“I thought I pretended so beautifully! I thought no one could guess. There is something else I want to explain. That evening last winter when you wanted to see me home—it was not my fault that I disappeared before you came back. Mrs Welsby asked me to take charge of a little girl, and sent me off in a cab.”
“Humph!” exclaimed Mrs Welsby’s brother dryly. “What a comfort it would be if people attended to their own business in this world! And were you sorry, Hope? Were you disappointed?”
“I cried,” said Hope simply; and once again Ralph Merrilies looked round at the other occupants of the stalls and breathed a wish that they were at any other part of the world than just that inhabited by Hope and himself.
At the conclusion of the interval Avice came back to her seat, and looking shyly around, found the answer to her question in two flushed, radiant faces.
“I’m so glad, Hope!” she whispered, pressing her cousin’s hand beneath the shelter of that useful programme. “It is just what I wanted. I helped you a little, didn’t I? I asked him on purpose.”
“I shall love you for it all my life,” said Hope shyly.
“So shall I,” said Ralph; “but—why didn’t you do it sooner?”

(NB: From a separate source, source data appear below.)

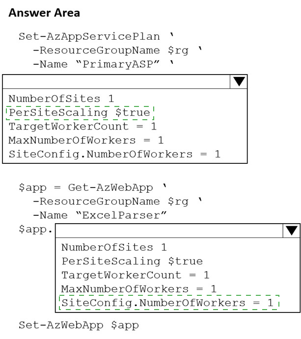 You are developing a new web service by using a web app named ExcelParser. The web app contains a third-party library for processing Microsoft Excel files. The license for the third-party library stipulates that you can only run a single instance of the library.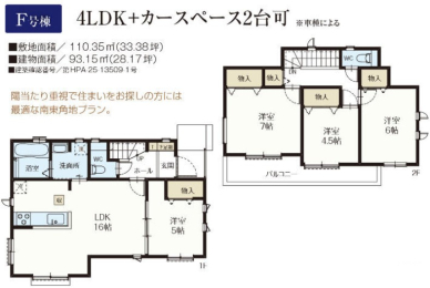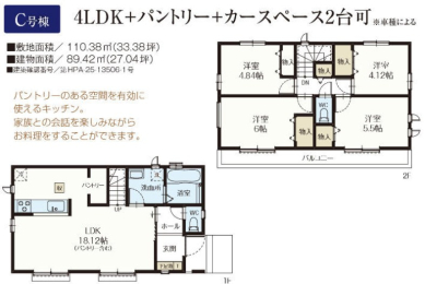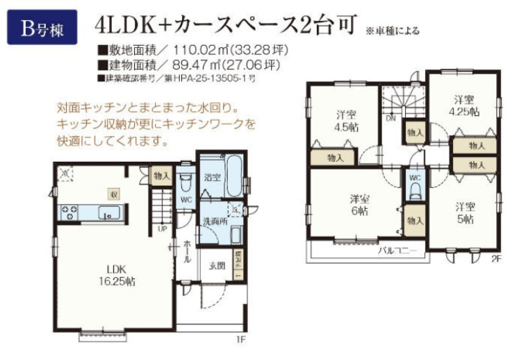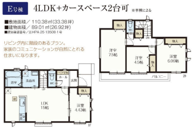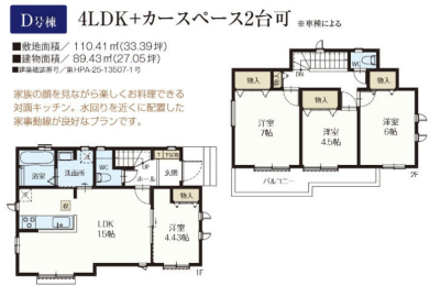 土地面積 | 110.02m² (実測) (33.28坪)〜110.41u | 建物面積 | 89.01u〜93.15u |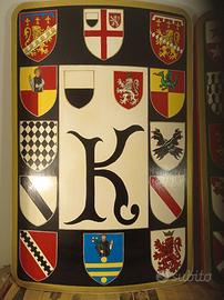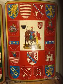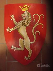 Il lotto si compone di 4 grandi palvesi ed uno scudo tutti a tema medievale senese. I 3 grandi palvesi rettangolari, alti poco più di 90 centimetri e larghi 60, riportano, divisi per ciascun terzo cittadino, gli stemmi di tutte le 42 compagnie militari in cui era suddiviso l’esercito senese medievale, perlomeno per quanto riguardava la fanteria. Il quarto palvese, alto 80 e largo 60 cm nel punto massimo, raffigura San Giorgio dopo che secondo la leggenda aveva catturato il drago. Lo scudo infine, alto circa 60 e largo 40 centimetri, riporta lo stemma del Popolo di Siena, un leone rampante bianco in campo rosso. Tutti i palvesi sono foderati e bordati di velluto. Tutti gli scudi hanno, sul lato interno, 4 robusti anelli di ferro. Gli scudi sono adatti sia come oggetti d’arredamento, sia come accessori per costumi, di balestrieri o palvesari, per ricostruzioni storiche o cosplay. Non sono adatti per giochi LARP, in quanto fatti con compensato molto spesso e quindi pericolosi se usati in combattimenti senza armatura, ciascun palvese rettangolare infatti pesa ben 8 chilogrammi, quello di San Giorgio poco meno. I 3 palvesi rettangolari non sono separabili e per tutti e 3 chiedo complessivamente 800 euro. Il palvese di San Giorgio può essere venduto separatamente e per esso chiedo 400 euro. Per tutto il lotto complessivo, cioè i 3 rettangolari più San Giorgio, chiedo 1.200 euro e regalo lo scudo del Popolo il cui valore può essere stimato fra i 70 ed i 100 euro. Inoltre, in qualsiasi formula di acquisto, regalo vari libri da me scritti, fra cui uno con la ricostruzione degli stemmi delle compagnie militari senesi. La spedizione è a mio carico.
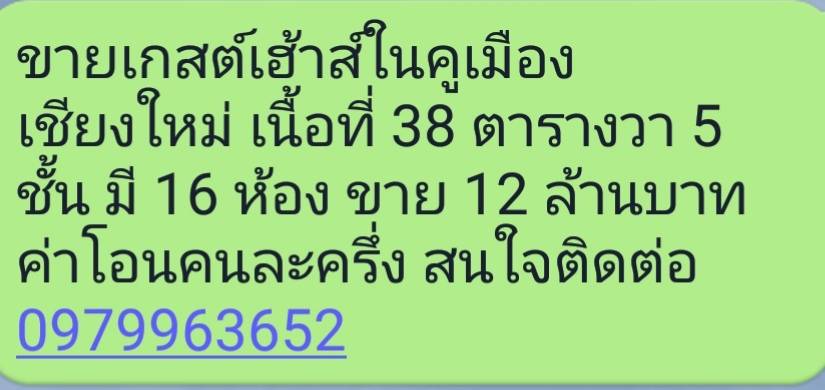 ขายเกสต์เฮ้าส์ในคูเมืองเชียงใหม่ เนื้อที่ 38 ตารางวา อาคารสูง 5 ชั้น มี 16 ห้องพัก ขายราคา 12 ล้านบาท ค่าโอนคนละครึ่ง สถานที่ใกล้เคียง ถนนคนเดิน ประตูท่าแพ ตลาดสมเพชร วัดพระสิงห์ สนใจติดต่อมือถือและไลน์ 0979963652

Two hours later Hope ascended the stairs leading to the little flat, having dismissed an unwilling lover who had been anxious to introduce himself to his future sisters-in-law and fix the date of his wedding without a moment’s delay. She tried hard to control her features as she entered the dining-room, and to look less ridiculously happy, but it was of no avail. The girls gaped at her in astonishment as she stood blushing and smiling before them, and Madge cried severely:
“What is the matter! You look mightily pleased with yourself, my dear. What mischief have you been up to this afternoon?”
“Please,” said Hope humbly, “I’ve been getting engaged!” and the scene which followed approached delirium in its excitement.